Two lines in the listing below mark the span: one contains "goggles, goggles on" and one contains "샤오홍슈+따종디엔핑 중국인 인플루언서 체험단". Reproduce both of them and everything between, exactly.

RECORDS TO PROCESS:
□ □ □

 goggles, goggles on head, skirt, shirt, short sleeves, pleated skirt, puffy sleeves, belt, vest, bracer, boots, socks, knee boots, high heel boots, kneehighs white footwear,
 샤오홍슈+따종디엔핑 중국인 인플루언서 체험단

□ □ □

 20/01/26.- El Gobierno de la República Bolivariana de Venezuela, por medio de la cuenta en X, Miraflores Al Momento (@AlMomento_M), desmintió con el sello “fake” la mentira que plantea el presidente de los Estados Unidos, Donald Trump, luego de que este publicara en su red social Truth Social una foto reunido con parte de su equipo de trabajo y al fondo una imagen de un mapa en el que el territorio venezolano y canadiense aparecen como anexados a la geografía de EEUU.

□ □ □

OUTPUT:
 goggles, goggles on head, skirt, shirt, short sleeves, pleated skirt, puffy sleeves, belt, vest, bracer, boots, socks, knee boots, high heel boots, kneehighs white footwear,
 샤오홍슈+따종디엔핑 중국인 인플루언서 체험단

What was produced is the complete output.